A ideologia da legitimidade, de acordo com a teoria crítica defendida por Coelho, está vinculada à alienação[*], eis que se pode fixar como premissa fundamental a ideia de que uma ordem social somente será legítima se a sociedade se auto-instituir por força da conquista da autonomia dos indivíduos, o que pressupõe uma sociedade historicamente desenvolvida no sentido da libertação. Assim, o estado de inconsciência social traduzido pela alienação compromete a própria legitimidade da ordem social e jurídica, dado que o consenso dos dominadores se obtém à custa da manipulação ideológica que faz com que os dominados permaneçam em constante nível de inconsciência (COELHO, 1987, p. 365-366). A partir daí, a conclusão é a seguinte: “Visto sob o prisma da alienação, o princípio da legitimidade perde o seu caráter absoluto de pressuposto ético válido por si, e relativiza-se em função do grau de autonomia das sociedades concretas e da capacidade delas de auto-instituir-se, promovendo os meios para que o indivíduo se autonomize” (COELHO, 1987, p. 366).
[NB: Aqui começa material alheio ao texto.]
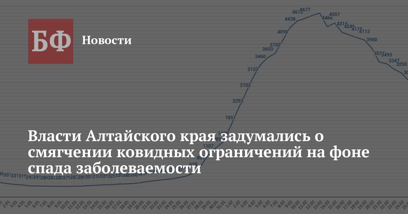 Отметим, что по данным правительственного Telegram-канала «Ленина, 59», 28 февраля прошло аппаратное совещание в краевом правительстве, где министр здравоохранения региона Дмитрий Попов рассказывал о снижении заболеваемости. По информации администраторов, он отметил, что особенностью этой волны стало отсутствие так называемого плато — заболеваемость после достижения пика просто резко пошла вниз. Учитывая обстановку, ожидается, что в Алтайском крае уже на этой неделе могут существенно смягчить действующие коронавирусные ограничения.
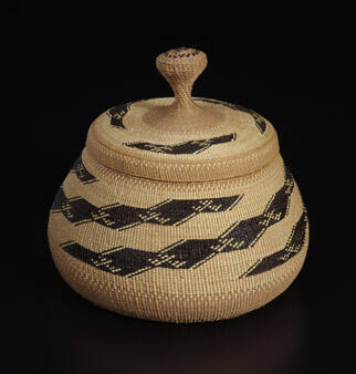 Elizabeth Hickox baskets were marketed by Grace Nicholson of Pasadena, an art dealer specializing in American Indian basketry. Hickox's departure from traditional California basketry resulted in aesthetically distinctive and technically superb baskets. They sometimes approach 800 stitches per inch and were so demanding that only her daughter, Louise, was able to perfect the technique after years of instruction. These two baskets exemplify the elegant design and meticulous workmanship of these master weavers.Exhibition History"Art of the American Indian: The Thaw Collection," The Cleveland Museum of Art, Cleveland, OH, March 2, 2010 - May 30, 2010; Minneapolis Museum of Art, Minneapolis, MN, October 24, 2010 - January 9, 2011; Dallas Museum of Art, Dallas, TX, April 24, 2011 - September 23, 2011; Indianapolis Museum of Art, Indianapolis, IN, December 4, 2011 - February 12, 2012.
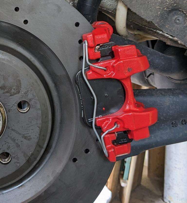 Zum Schluss noch die Halteklammer am Handbremssattel montieren, damit die Bremsbeläge nicht zu "flattern" beginnen können.
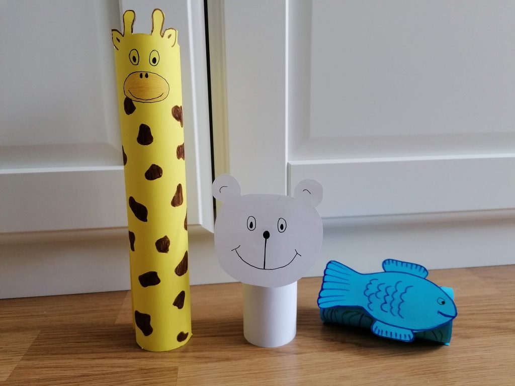 Bastelt Euch ganz einfach aus Klopapierrollen Eure eigenen Tiere. Dazu braucht Ihr nur ein paar Klopapier- oder Küchenpapierrollen, buntes Papier, eine Schere, Stifte und dann kann es auch schon losgehen. In diesem Bild findet Du z.B. eine Giraffe, einen Fisch und einen Eisbär. Und jetzt seid Ihr dran: Baut Eure eigene Tierwelt! Viel Spaß!
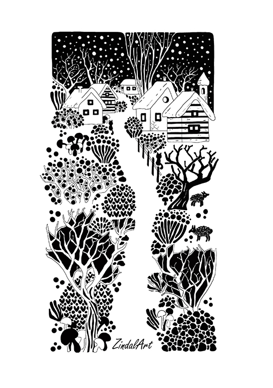 Ez a gazdagon részletezett, fekete-fehér illusztráció a vidéki tél legszebb pillanatait idézi meg. A hófödte faházak, a legelésző bárányok és a mesebeli gombák világa egy olyan helyre kalauzol, ahol a csendnek is története van. Tökéletes választás a természet és a népies motívumok, a linómetszetek kedvelőinek.
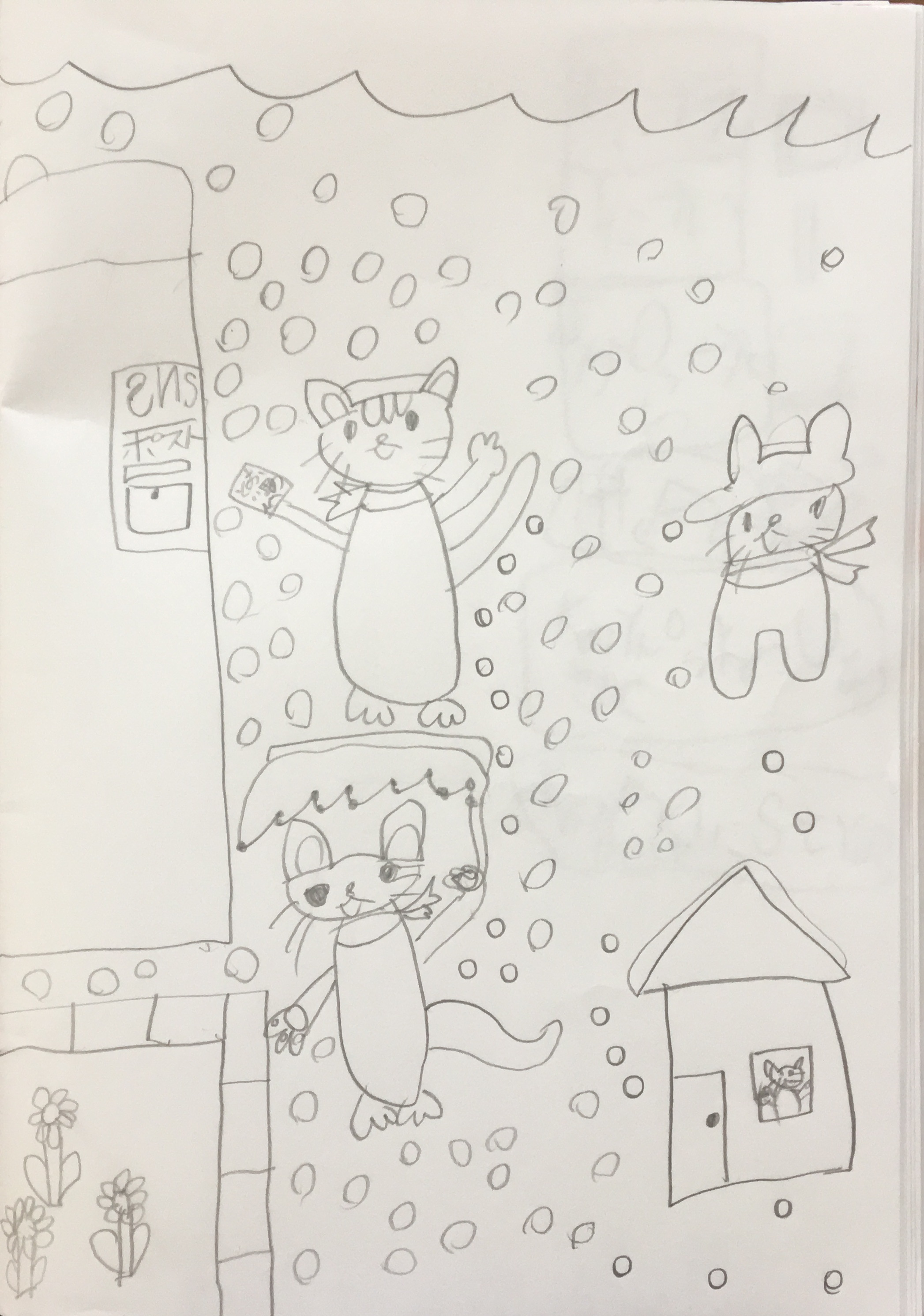 kちゃんの”とおい国”のイメージは、動物たちがたくさん住んでいる寒い雪国。

Também abordando aspectos ligados à ideologia, ainda que sem enfocar diretamente o problema da legitimidade, Roberto Lyra Filho condena o apego excessivo a textos legais próprio da dogmática jurídica. E afirma: “A identificação entre direito e lei pertence […] ao repertório ideológico do Estado, pois na sua posição privilegiada ele [o Estado] desejaria convencer-nos de que cessaram as contradições, que o poder atende ao povo em geral e tudo o que vem dali é imaculadamente jurídico, não havendo direito a procurar além ou acima das leis” (LYRA FILHO, 1985, p. 9). Já para Saldanha (1977a, p. 415), a conclusão é a seguinte:

A ideia de legitimidade, contendo um plano axiológico e envolvendo sempre implicações filosóficas, pode apresentar-se com aspecto ideológico. Há sempre uma margem de relatividade em toda legitimação, que depende da afirmação de certas premissas ou da aceitação de algum dado fundamental. Esse dado se refere a uma visão global do homem e da vida política, e pode ligar-se a tendências doutrinárias ortodoxas ou não, extremadas ou não. As formas políticas fundamentais (democracia-autocracia) correspondem a modos diversos de legitimação.

A dificuldade maior na análise do tema proposto aqui consiste em evitar a adoção de um conceito apenas formal de legitimidade. De outro modo, indaga-se sobre a possibilidade – que parece afastada pelo caráter complexo da realidade social – de uma formulação jurídica “pura”, livre de conotações ideológicas, que, ainda assim, não enxergue no legal, no legítimo ou no justo conceitos apriorísticos ou excessivamente abstratos.

 

[*] O conceito de alienação é essencial na filosofia hegeliana. Trata-se, resumidamente, do ‘estado separado da consciência, a sua infelicidade, a sua dilaceração, no que ele tem de mais penetrante intelectualmente’ (LEGRAND, 1983, p. 28).

 

 


REFERÊNCIAS BIBLIOGRÁFICAS

 

COELHO, Luiz Fernando. Teoria crítica do direito. Curitiba: Livros HDV, 1987.

LEGRAND, Gerard. Dicionário de filosofia. Lisboa: Edições 70, 1983.

LYRA FILHO, Roberto. O que é direito. São Paulo: Nova Cultural/Brasiliense, 1985.

SALDANHA, Nelson. Legalidade. In: FRANÇA, R. Limongi (Coord). Enciclopédia Saraiva do Direito. São Paulo: Saraiva, 1977. v. 48, p. 188-190.

SALDANHA, Nelson. Legitimidade. In: FRANÇA, R. Limongi (Coord). Enciclopédia Saraiva do Direito. São Paulo: Saraiva, 1977a. v. 48, p. 414-415.